Monday, November 8, 2004

The Hidden Cost of Buying Information: Do We Fool Ourselves on Its Value?

Thanks and a tip of the hat to Anne Griffith at the SIIA Content Division for recommending the following article in the Harvard Business Review, an interview with Francesca Gino, a Harvard Business School post-doctoral fellow in their Technology and Operations Management Unit. She recently published a working paper, "Getting Advice from the Same Source but at a Different Cost: Do We Overweigh Information Just Because We Paid for It?" The paper's core premise is that when people pay for advice, they are generally more hesitant to discard it as being less relevant based on the fact that they paid for it. In her controlled experiment the subjects were told that the quality of the advice would be constant from free sources and paid sources, yet subjects would rate the value of the paid source higher. Great for folks like us with premium Private Advisory Services, to be sure - and an indicator that decision-makers will always prefer to have some measure of money-valued content behind their decision-making.
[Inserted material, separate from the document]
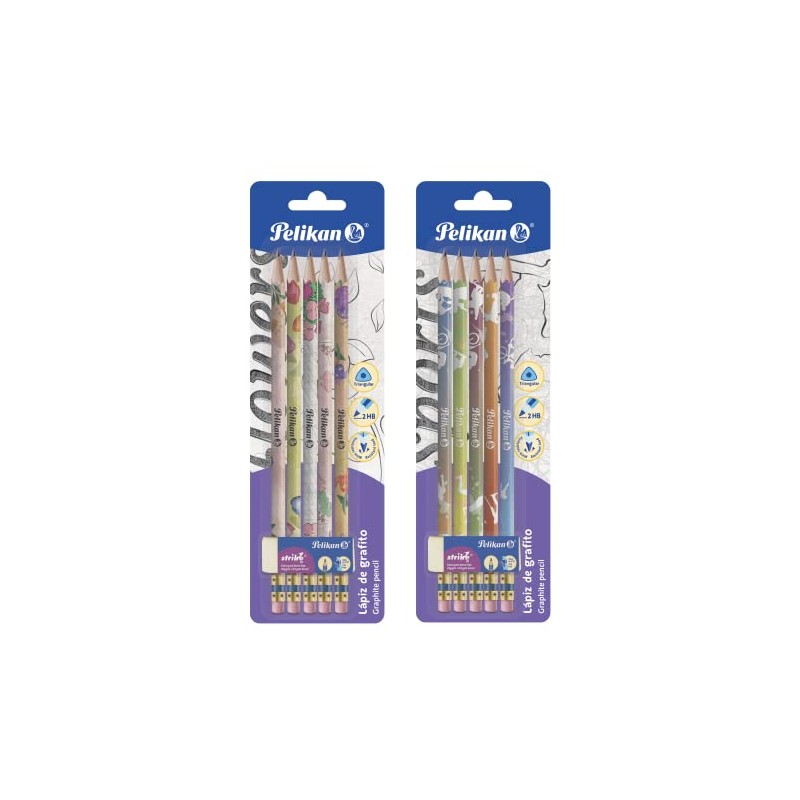 Pelikan Tarjeta de 5 Lápices de Escritura #2HB Triangular con Diseño

But is it so clear that this model applies to all premium content? I have my doubts. I believe, however, is that it is pointing that the greatest value in content is when it comes closest to supporting decision-making with trusted opinions. "I trust, therefore I execute" is the magic formula that seems to drive much of today's content value. Does that mean because I paid for it I therefore trust it more? That in and of itself is a dangerous assumption. If the content is well-designed to support decision-making, then perhaps so. This bodes well for the workflow integration movement, but I believe that it has broader implications as well. It will be interesting to see what follow-up research reveals.